1. М. В. Ломоносов первым ввел в русскую науку термин красноречие. До Ломоносова этот термин почти не употреблялся. Проследите, где и в каком значении употребил это слово Ломоносов. Чем красноречие отличается от риторики?

2. Что требуется для приобретения красноречия? Какими средствами можно приобрести красноречие?

3. Сопоставьте в учебниках Ломоносова и Михаила Усачева: а) определения риторики и красноречия; б) «вещи», которыми «улучается» (постигается) риторика у Михаила Усачева и «средства к приобретению красноречия» у Ломоносова. Как вы думаете, о чем может говорить совпадение в текстах?

4. Каким частям современной риторики соответствует замысел Ломоносова создать «три книги руководства»: риторику, ораторию и поэзию? Что из этого замысла успел осуществить Ломоносов?

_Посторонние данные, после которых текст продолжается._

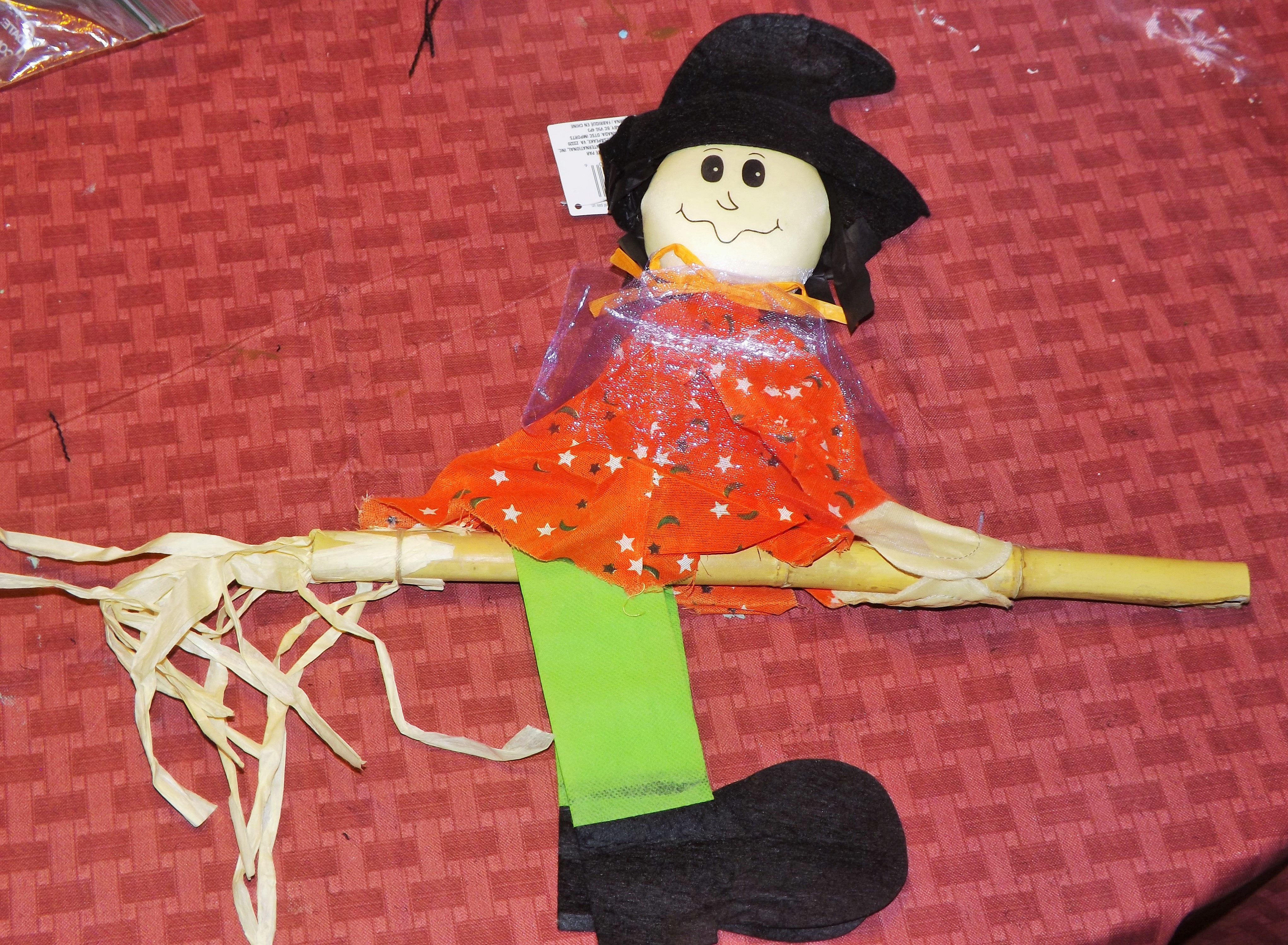 I used the straight pins again to secure the Halloween decorations to the wreath.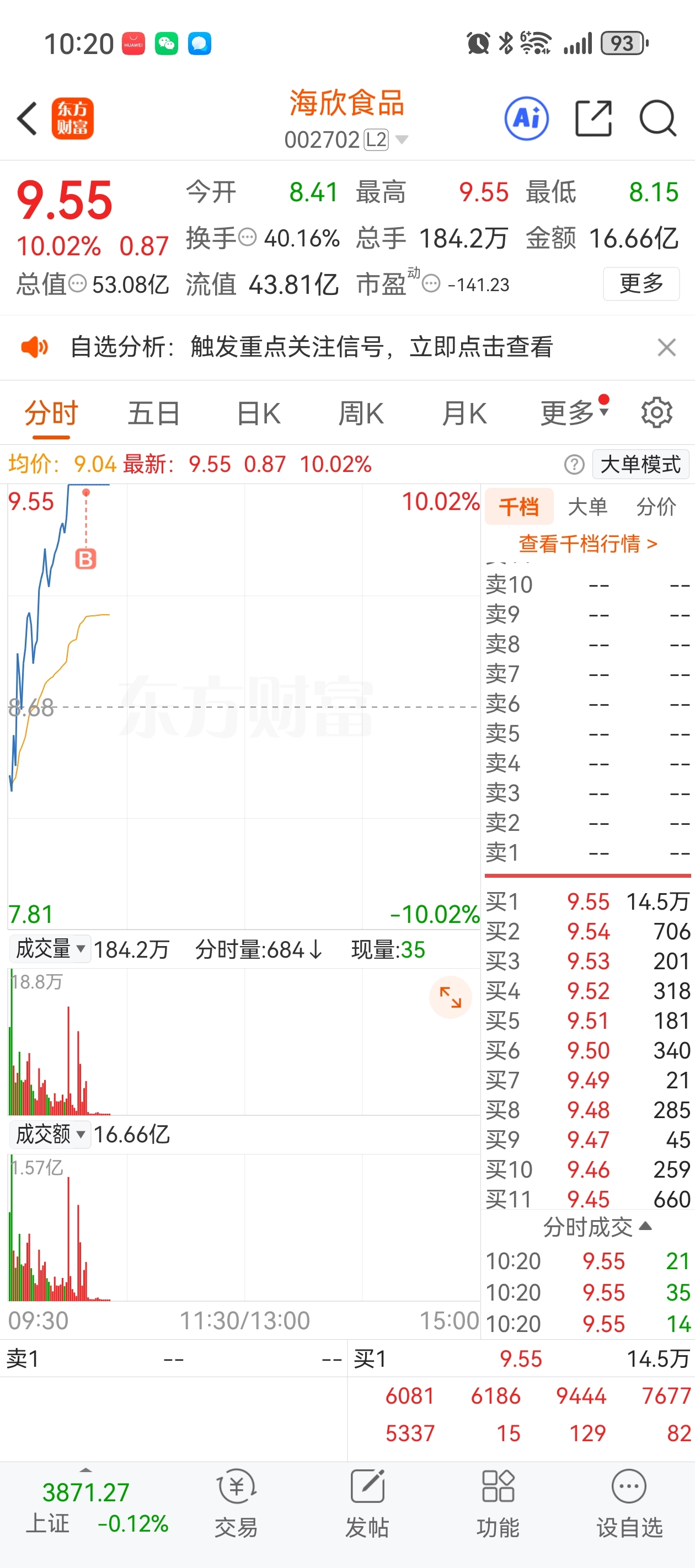 $海欣食品(SZ002702)$ 开板瞬间秒扫的,今天会不会再开板?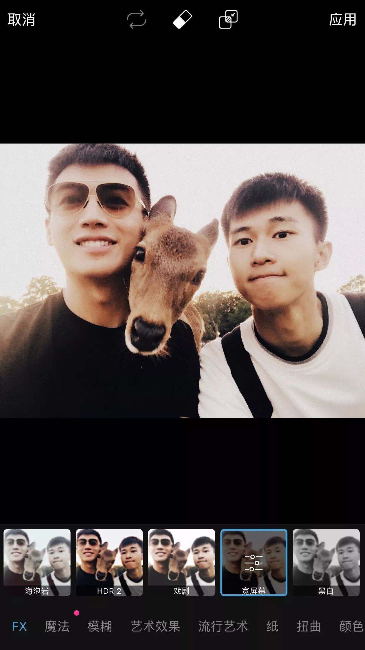 魔法滤镜真的很吸引人打开,超级标题党。打开之后选了一个光切断,好奇怎么切断光啊,难不成是把鹿和杨晗都挡住只留下帅气的我?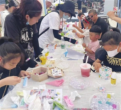 6月3日,天津智慧山文化创意产业园(简称智慧山)山丘广场,一场主题为“艺起成长·儿童嘉年华”的市集吸引了很多家长带着孩子前来参加。在儿童服装设计的摊位前,孩子们拿着一针一线将手中炫彩的布料以自己的设计思路装扮着眼前的模特;在手作摊位前,孩子们排排坐,专注地制作着笔筒、铅笔盒、发卡等物品;在“追光里戏剧创习社”的摊位前,工作人员给孩子们表演了《爷爷的春天小岛》的偶剧,在戏剧的情境下引导孩子建立“面对离别”的不同情绪认知……这场市集一共有80家商户,其中艺术类占七成。“这是我们做的第四届儿童主题的市集。”智慧山品牌中心负责人魏彬告诉记者,该市集2天累计客流量约3600人。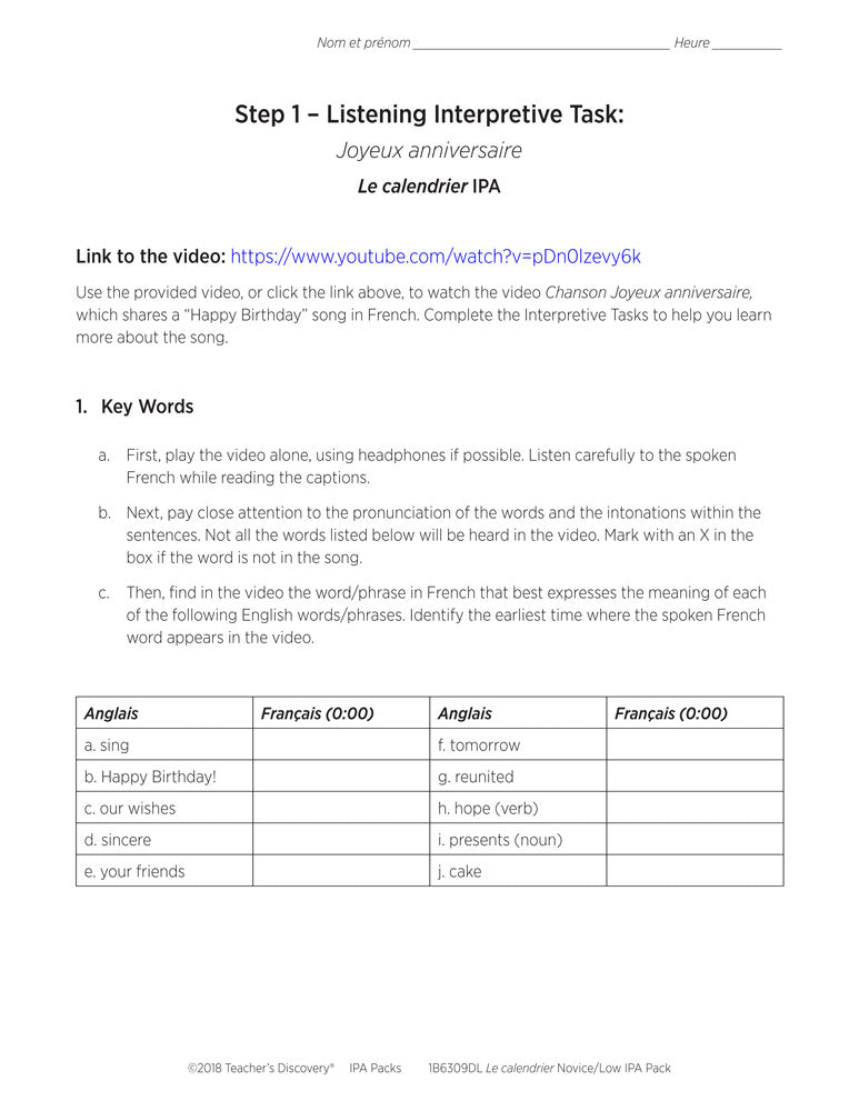 This IPA Download Pack is based on two authentic resources: a website article that features a calendar of the saint names that correspond with each calendar day of the year and a short video Chanson Joyeux anniversaire, which shares a “Happy Birthday” song in 100% French.
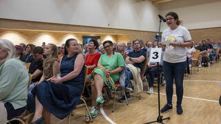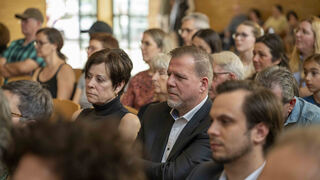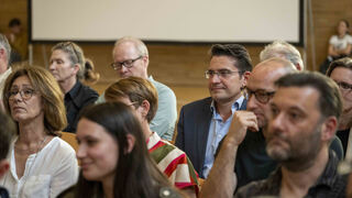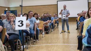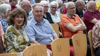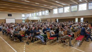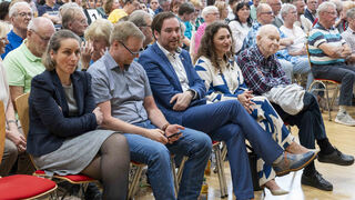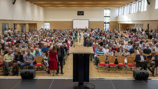 Zahlreiche Neulußheimer Bürger, darunter Andreas Sturm MdL, sind zur Kandidatenvorstellung in die Heidemann-Halle gekommen. Auch Hallen-Namensgeber Rolf Heidemann lässt es sich nicht nehmen, in vorderster Reihe teilzunehmen.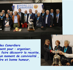 It is always pleasant to welcome a crowd of attentive, curious and gourmet people. Each time, 25 guests were able to watch Master Canardiers at work and to try a sample of the dish with a glass of wine offered by a wine-grower to match the recipe. Members of the Ordre were also present to serve the guests and answer their questions.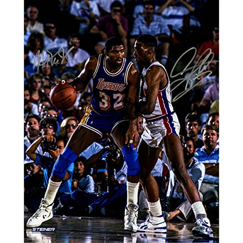 Magic Johnson Posting Up Dennis Rodman Dual Autographed 1989 NBA National Basketball Association Finals Autographed 16 Inch X 20 Inch Photo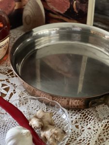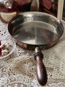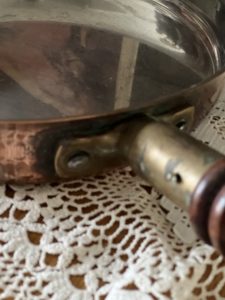 The frying pan is tin lined with a part brass, part wooden handle, giving the pan a rustic charm & a feeling of warmth.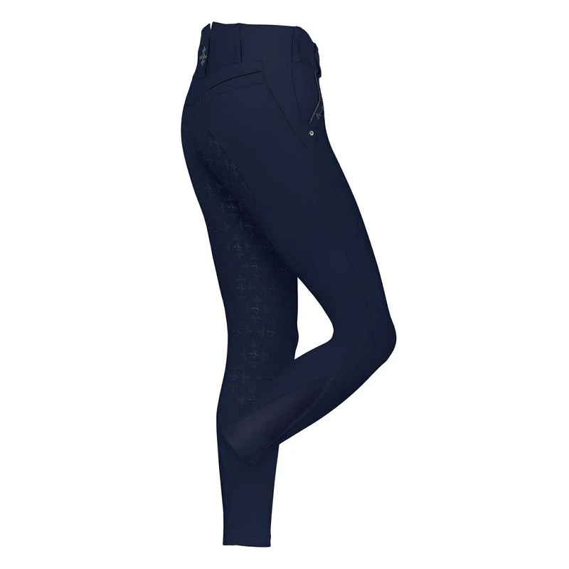 This classic high waist, full seat breech is made in a four stretch fabric. It has a comfistick silicon full seat and elastic leg bottoms. The two slanted side pockets are decorated with discreet floral crystals. The tailored waistband has a vee back and belt loops.

5. Какие общие места или топы выделяет Ломоносов? Как можно воспользоваться этими общими местами при распространении разных идей? Покажите это на собственных примерах.

6. Как определяется термин страсть в риторическом учении М. В. Ломоносова? Найдите примеры в разных сочинениях и приведите обоснование различия терминов страсть – чувство – эмоция – аффект. Как оценивается слово страсть в религиозной этике?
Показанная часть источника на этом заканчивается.